Maybe we can introduce Exponential Backoff and Retry approach to avoid the retry storm?

There are only a few master instances, e.g. three instances. And each instance retries every 1 second. So there will not be much overhead for etcd cluster.

Sounds good.

ykwd · 2025-06-09T09:05:31Z

Left some questions, and it would be nice if you can supply a introduction contains

How to avoid brain-split

How to avoid forever wait

How to fallback to the re-compute performance if there are some unrecoverable issue happened.

Thanks for the review.

How to avoid brain-split
The kv-pair (MASTER_VIEW_KEY, leader address) in etcd determines which instance is the leader. When this kv is deleted by lease expiration, all instances will be notified and campaign to elect a new leader. The old leader will close the local master service when notified. However, as the notification may not be very quick and the master service closing may take some time, there might be a short time when brain-split can happen, which is very hard to prevent.
References:
What kind of safety guarantee does the leader election primitives provide? etcd-io/etcd#10125
https://martin.kleppmann.com/2016/02/08/how-to-do-distributed-locking.html

To avoid this, we can let the new leader begin serving requests only after a long enough time, e.g., 10 seconds. In the future, this problem can be solved using the following strategy:
The leader records a local lease expiration time Exp.
Every ttl / 2 seconds, the leader does the following steps:

The leader records the current time T.
The leader sends KeepAliveOnce request to etcd to extend the lease for ttl seconds. If the KeepAliveOnce request succeeds, the leader knows the lease will not expire until T+x. So it is safe to update Exp to T+x.
For every request, the leader only returns the OK result to the client if this request finishes before Exp.

How to avoid forever wait
Forever loop in leader election: The master process is supposed to run forever. As long as this process is not terminated and the local master is not a leader, it will try to elect itself as leader.
How to fallback to the re-compute performance if there are some unrecoverable issue happened.
This PR does not introduce additional overhead for requests such as get or put, but it also doesn't address the existing issues, if there are any. If ensuring this property is important, we can solve this in a new PR.

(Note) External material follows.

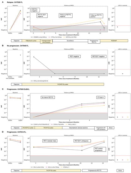 Four representative cases of different scenarios are shown in Figure 4. An example of disease remission with concordant results of PET/CT and LiqBio–MRD can be observed in patients CHT028 (Figure 4A) and CHT049 (Figure 4B), with subsequent relapse in patient CHT028. In patient CHT005 (Figure 4C) no PET/CT interim was available because of the COVID-19 pandemic emergency. After a negative post-2-cycle-therapy LiqBio–MRD, a third sample at EOT tested positive, predicting the relapse that occurred three weeks later. In patient CHT014 (Figure 4D), the EOT PET/CT was ambiguous: a new adenopathy was observed in a low SUVmax, while LiqBio–MRD was persistently positive. A control PET/CT a month later confirmed progression.

xiaguan · 2025-06-09T08:27:56Z

+        std::string current_master;
+        auto ret = EtcdHelper::Get(MASTER_VIEW_KEY, strlen(MASTER_VIEW_KEY), current_master, current_version);
+        if (ret != ErrorCode::OK && ret != ErrorCode::ETCD_KEY_NOT_EXIST) {
+            LOG(ERROR) << "Failed to get current leader: " << ret;


Let's improve this log message to indicate that the failure is likely due to an etcd issue.
This should help users diagnose the problem more quickly.

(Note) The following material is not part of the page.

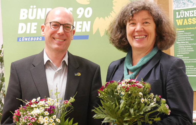 Claudia Schmidt und Oliver Kraemer wurden am Donnerstag abend von den Grünen des Kreisverbandes Lüneburg einstimmig in eine weitere Amtszeit getragen. Kreiskassierer Michael Gaus durfte nach zwei Amtszeiten nicht erneut antreten. Ihm folgt Peter Christmann aus Reppenstedt.

In this case, the returned errorcode is ETCD_OPERATION_ERROR. The LOG output is:
ha_helper.cpp:16] Failed to get current leader: ETCD_OPERATION_ERROR

xiaguan · 2025-06-09T08:30:35Z

+        ret = EtcdHelper::CreateWithLease(MASTER_VIEW_KEY, strlen(MASTER_VIEW_KEY),
+            master_address.c_str(), master_address.size(), lease_id, version);
+        if (ret == ErrorCode::ETCD_TRANSACTION_FAIL) {
+            LOG(INFO) << "Failed to elect self as leader";


same as above, "Etcd transcation failed xxxx"

OK. Will fix this

xiaguan · 2025-06-09T08:34:38Z

+        if (mv_helper.ConnectToEtcd(etcd_endpoints_) != ErrorCode::OK) {
+            LOG(ERROR) << "Failed to connect to etcd endpoints: " << etcd_endpoints_;
+            return -1;
+        }


We could move this into the MasterViewHelper constructor and throw an exception if this fails, it basically means the Master can't start up properly anyway.

OK. Sounds reasonable.

In retrospect, the MasterViewHelper::connectToEtcd is invoked in Client::connectToMaster(). If we move this into the MasterViewHelper constructor, it means the connection logic is also partially moved to client's constructor. Besides, this will only be invoked in HA mode. In none HA mode, there is is no etcd and this function should not be called.

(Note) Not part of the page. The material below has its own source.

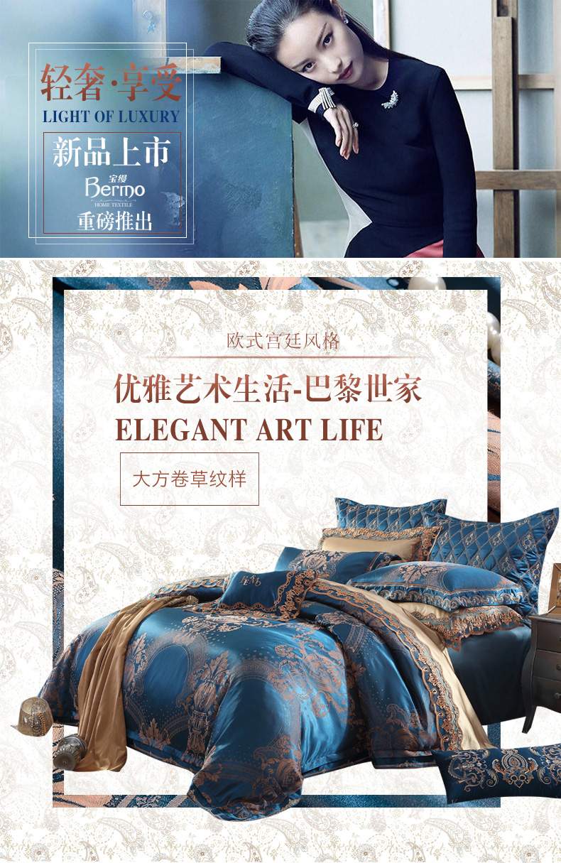 ?不是好貨不推薦,今天為你推薦的是寶縵家紡2016秋冬米蘭系列主推品---巴黎世家!產(chǎn)品設(shè)計靈感來源于歐洲的古典金質(zhì)獎杯,象征著皇家尊貴與最高榮譽(yù),結(jié)合歐式穹頂元素,氣勢恢宏大氣磅礴又不失精致細(xì)節(jié),凸顯典雅奢華的生活氛圍。
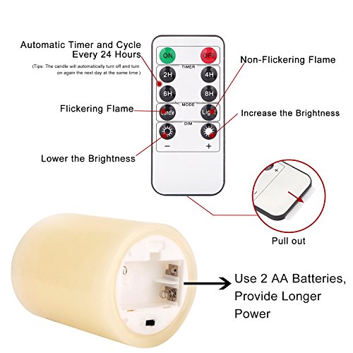 •• Reusable Battery Powered and Last 300+ Hours- OShine flameless pillar candles are powered by two AA batteries (not included) .It provide 300+ hours continuous light. And you can reuse them time and again with minimal effort.

xiaguan · 2025-06-09T08:37:33Z

+    ETCD_OPERATION_ERROR = -1000,  ///< etcd operation failed.
+    ETCD_KEY_NOT_EXIST = -1001,  ///< key not found in etcd.
+    ETCD_TRANSACTION_FAIL = -1002,  ///< etcd transaction failed.
+    ETCD_CTX_CANCELLED = -1003,  ///< etcd context cancelled.


update toString also

Sure. This is updated in type.cpp

xiaguan · 2025-06-09T08:39:37Z

+ErrorCode Client::ConnectToMaster(const std::string& master_entries, bool enable_ha) {
+    if (enable_ha) {
+        // Get master address from ETCD
+        auto err = master_view_helper_.ConnectToEtcd(master_entries);


maybe we can introduce a new interface like get_current_leader_master_address()?

maybe we could move all of that down into MasterClient to keep Client clean and simple?

maybe we can introduce a new interface like get_current_leader_master_address()?

There is already an interface to get the leader address, i.e., master_view_helper_.GetMasterView.

maybe we could move all of that down into MasterClient to keep Client clean and simple?

The HA logic, such as ping thread, requires resources and information of the client, such as mounted_segments_.

xiaguan · 2025-06-09T09:11:19Z

By the way, since we're getting more and more configuration and constants, I think it's a good idea to create a separate config module. I'll go ahead and open a new issue for that

…ternal error.

ykwd · 2025-06-10T02:44:01Z

Updates:

For client-side parameters: reuse master_server_address, remove enable_ha;
In ci flow: install and start etcd service, run high_availability_test;
Format code syle;
Fix some bugs and address some minor issues.

To do in the future PR:

More reliable split-brain prevention.
Documentations (will be added together with client fail auto-detection feature).
Add chaos testing to test the system stability.

xiaguan

LGTM

xiaguan · 2025-06-11T06:17:04Z

@maobaolong PTAL

maobaolong

LGTM for the code. It would be nice for user if we can add a document related, as this pr is already big enough, you can add it by another PR.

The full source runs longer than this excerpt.